Ganz einfach: Ich suchte einen Punkt, wo ich meine Ruhe habe. In der Schweiz fand ich das nicht – oder diese Orte lagen finanziell ausserhalb meiner Möglichkeiten. Ich muss einfach etwas haben, wohin ich mich zurück ziehen kann. Aber hier habe ich den Lärm von Strasse und Bahn, im Sommer auch von der Seewiese, wo oft laut gefeiert wird – all das wirkt mit der Zeit zermürbend. Man wird ja älter und nimmt den Lärm allmählich anders wahr.

Ein mutiger Entscheid – manche kämpfen in ihrem Leben mit Problemen, die sie nie lösen…

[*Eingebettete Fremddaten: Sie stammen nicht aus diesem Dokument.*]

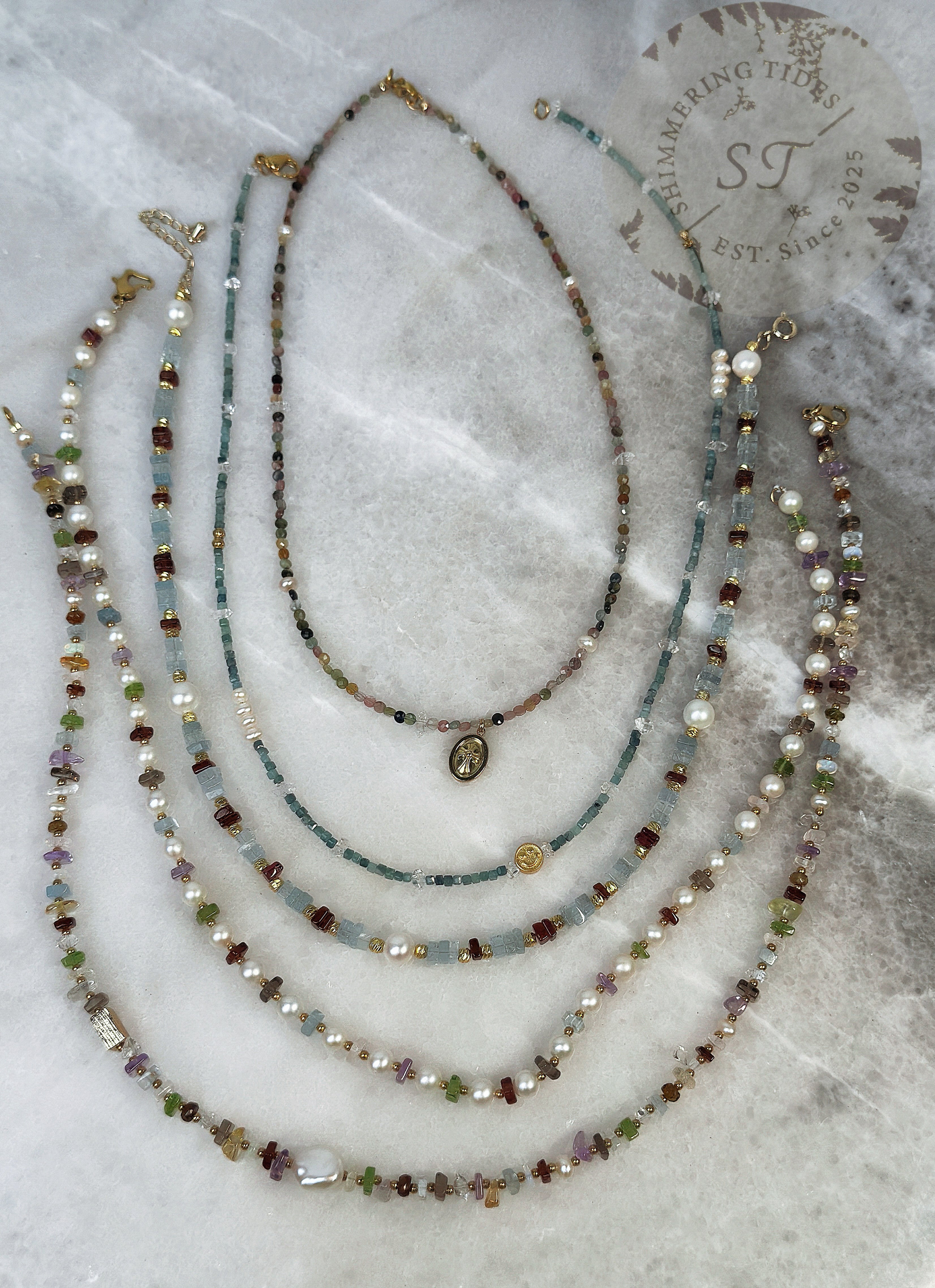 We 've always loved the glow of pearls . It reminds us of sunshine on a bright day. That's how the handmade journey of two girls began. We use different materials to create jewelry that brings pearls into daily life. No matter your age, profession, or where you are. May each piece accomany you with elegance and light.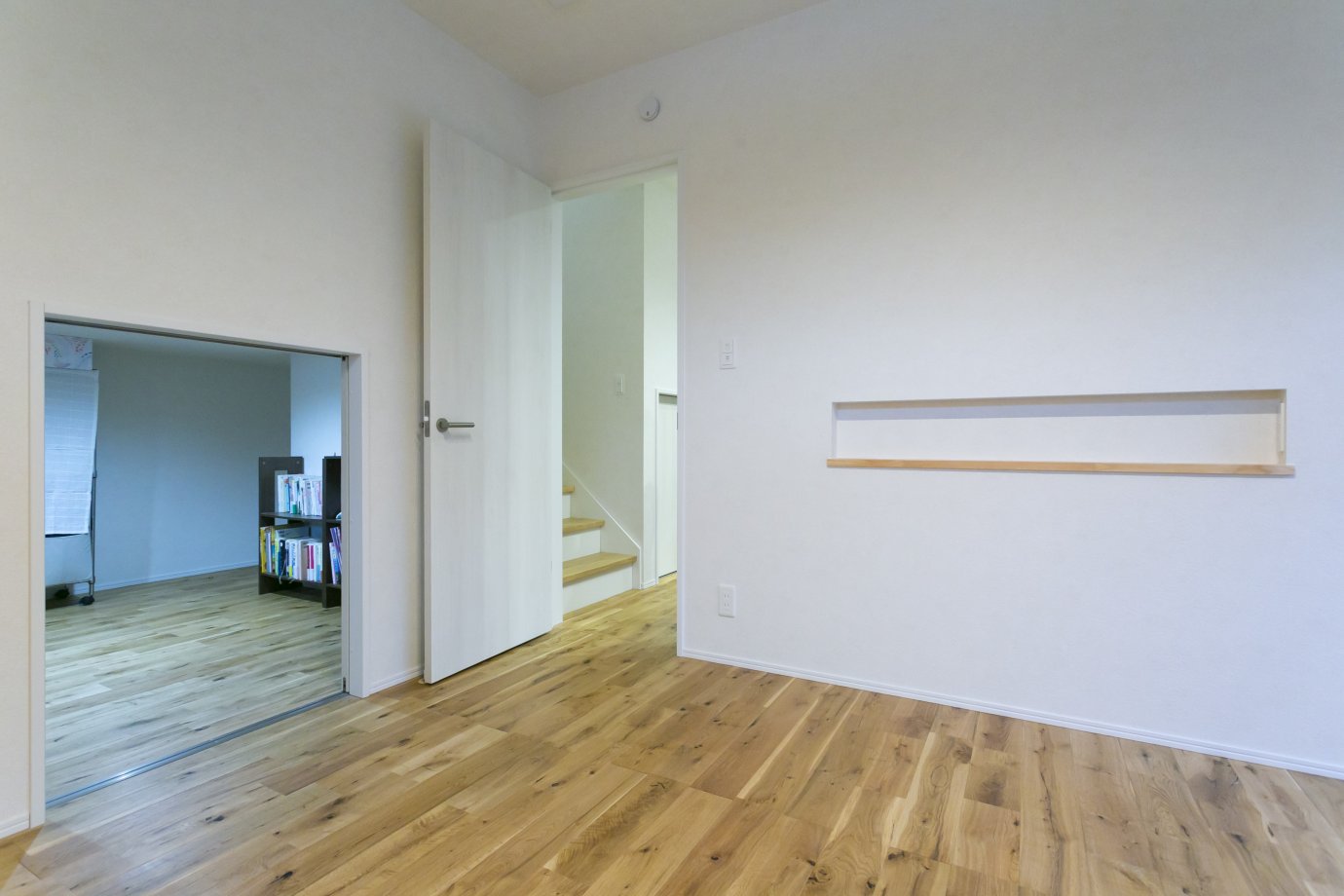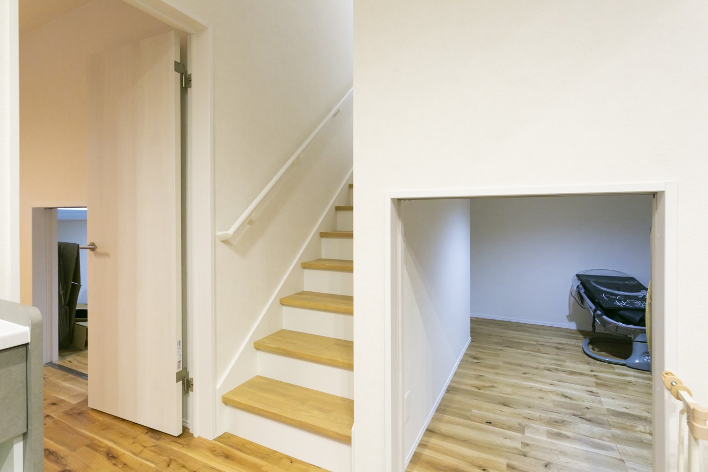 寝室側にも出入口を設けたコの字型の収納。奥をぐるっとまわってダイニング側まで物を入れられる。階段下の壁を挟んで、半分は収納、もう半分は子どもの秘密基地など、様々な使い方ができそう

Das ist genau so. Ich muss aber auch sagen: Mit der Veränderung musst du dann auch umgehen können. Jetzt in Norddeutschland, in unserem umgebauten Bauernhaus mit dem grossen Grundstück: Da ist es so ruhig, dass ich mich zunächst einen Moment lang fragte, ob ich das wirklich will. Heute sage ich aber klar ja. Auch die Nähe zur Nordsee geniesse ich sehr, insbesondere den Weitblick am Meer.

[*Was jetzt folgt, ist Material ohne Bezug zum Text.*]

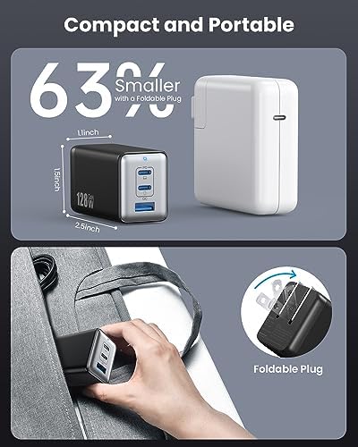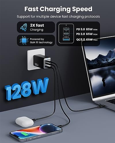 USB C Charger 128W Wall Charger,(GaN III)3 Port Fast Charging Station, Foldable Wall Charger Adapter for MacBook Pro/Air,HP,ThinkPad,Dell XPS,iPhone 15/14,Pro,iPad Pro/Air,Galaxy S23,Steam Deck,etc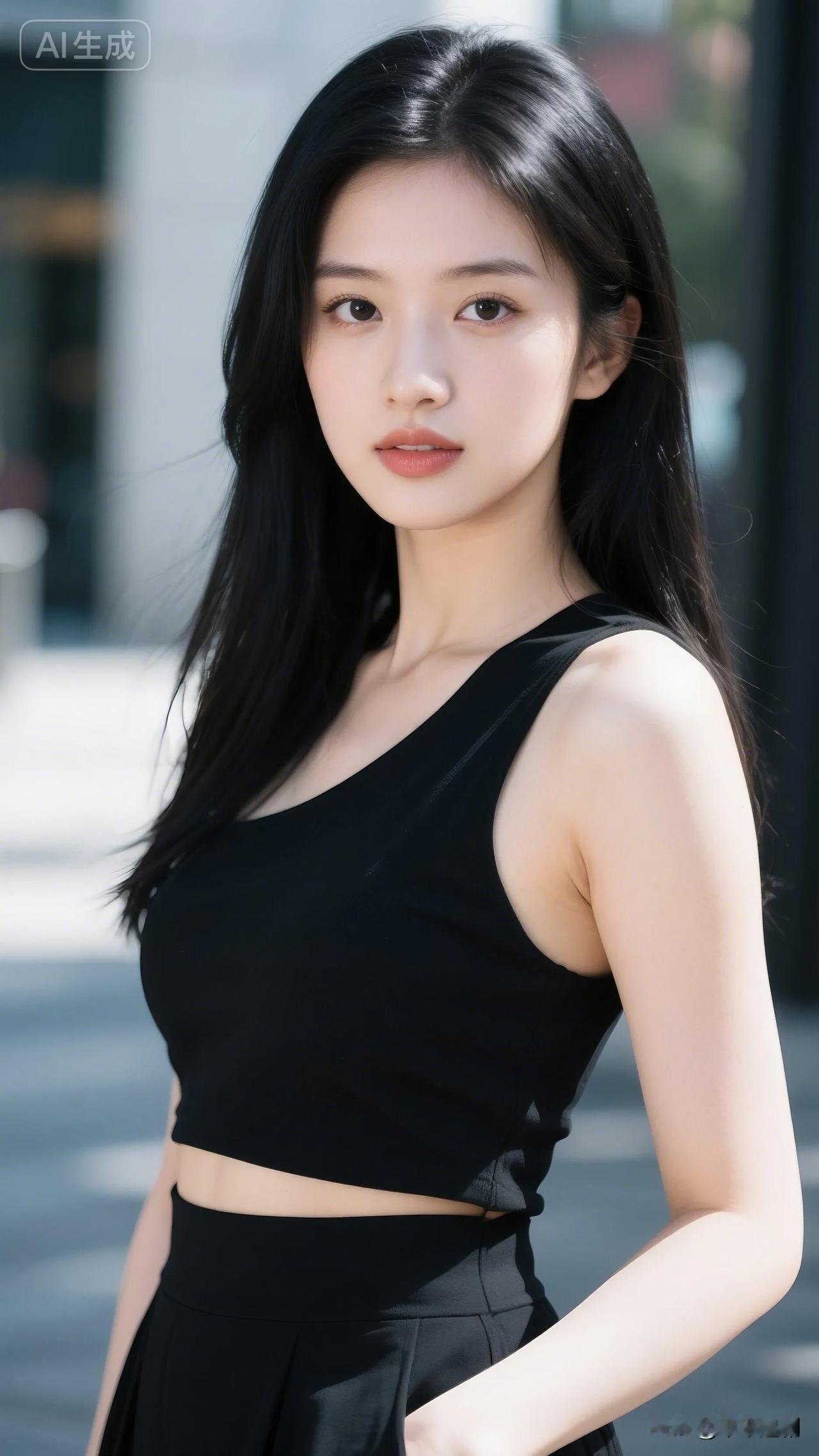 斜肩黑衫搭配高腰裙装,利落剪裁衬出清冷气质,在街头暖阳里,把酷飒与温柔都揉进了穿

Wie hast du den neuen Wohnort gesucht?

Ich wollte schon immer an die Nordsee. Gefunden habe ich unseren künftigen Wohnort im Internet. Der Ort ist für mich perfekt. Wir haben auch bereits gute Kontakte zu unseren Nachbarn. Man hilft einander, denn der nächste grössere Ort ist etwa 15 Kilometer entfernt. Auch mein zwei Jahre älterer Bruder wohnt in der Nähe. Das schätze ich sehr. Manche Freunde, auch unsere drei Kinder, besuchen uns von der Schweiz aus. Sie kommen und bleiben einige Tage. Oben im Haus haben wir ein kleines Logis, wo sie wohnen können.

Trotz deines baldigen Wegzugs stelle ich dir noch unsere Standardfragen: Was gefällt dir am besten in Spiez?

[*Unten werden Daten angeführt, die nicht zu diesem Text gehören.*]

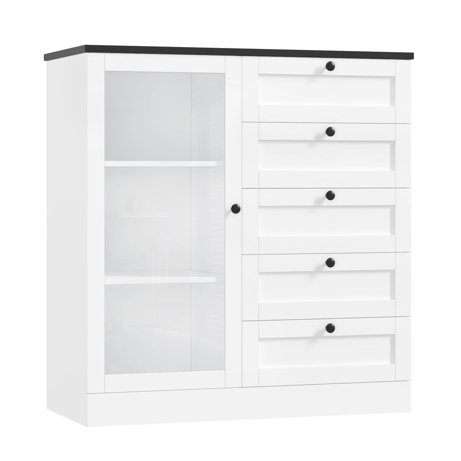 - 【5-Drawer Dresser with Glass Door】Boasting 5 equal-sized pull-out drawers as well as a 2-shelves cabinet with glass door, this white dresser offers ample space to store towels, beauty, skin care, magazines and books, etc. And its spacious tabletop works perfectly to display photos, bouquets, lamps and more

Natürlich die Bucht. Auch wenn das jeder sagt: Die ist einfach megamässig, die ist so schön! Die ganze Atmosphäre mit dem Schloss, dem Niesen, dem Weinberg – ein perfekter, einzigartiger Ort.

Und was würdest du ändern in Spiez, wenn du wünschen könntest?

Dass in Spiez etwas weniger Kommerz betrieben wird. Weniger Anlässe, mehr Ruhe. Zurück zur Normalität, nicht immer mehr, mehr, mehr. Festivals wie das Seaside, das Rox und andere – die müssten nicht unbedingt in der Bucht sein. Die Möglichkeiten sind heute schon enorm, auch in der Bucht. Aber zugegeben, ich bin extrem ruhebedürftig, deshalb wandere ich ja aus. (lacht)

Interview und Fotos: Jürg Alder

Filialleiter, Inhaber einer Videothek, Wasserableser

Man erkennt ihn an seinem Roller, mit dem er durch die Quartiere kurvt: Seit 15 Jahren ist Peter Wyss (62) als Wasserzähler-Ableser in der Gemeinde Spiez unterwegs. Für die Wasserversorgungsgenossenschaft Aeschi und Spiez (WVG) liest er zweimal jährlich in mittlerweile 2780 Haushalten den Wasserzähler ab – und es werden immer mehr. Damit hat er das grösste Pensum der drei Ableser der WVG. Aufgewachsen ist Peter Wyss als mittlerer von drei Brüdern in Interlaken. Als er elfjährig war, zog die Familie nach Thun. Der Vater war Lastwagenchauffeur, die Mutter Büroangestellte. Am liebsten hätte Peter beruflich mit Tieren zu tun gehabt, doch gab es damals keine Möglichkeiten. Er absolvierte eine Verkaufslehre bei Coop und wurde Leiter der Filiale Interlaken, die er während drei Jahren führte. 1984 beschloss er, seiner Begeisterung für Filme nachzuleben: Er gründete die Videothek Videostudio in Steffisburg, die er bis 2011 führte. «Eine ganz tolle Zeit», erinnert sich Peter Wyss. Parallel dazu fing er 2007 bei der WVG an. Seine spätere Frau Françoise hatte er an seiner Arbeitsstelle in Thun kennen gelernt. Sie heirateten 1985 und zogen im eigenen Reihenhaus in Einigen eine Tochter und zwei Söhne auf, die heute erwachsen sind. Françoise arbeitete für ein Bundesamt und eine Krankenkasse. Peters ganz grosse Leidenschaft sind Katzen, das Paar züchtete sogar eine Zeitlang sibirische Waldkatzen. Letztes Jahr kauften die beiden in Ostfriesland an der deutschen Nordsee, unweit der Grenze zu Holland, ein Grundstück samt einem Bauernhaus. Noch arbeitet Peter als Ableser der WVG. Er will aber nach seiner Pensionierung in zwei bis drei Jahren definitiv nach Deutschland umziehen. Seine Frau und die gegenwärtig sieben Katzen leben bereits dort.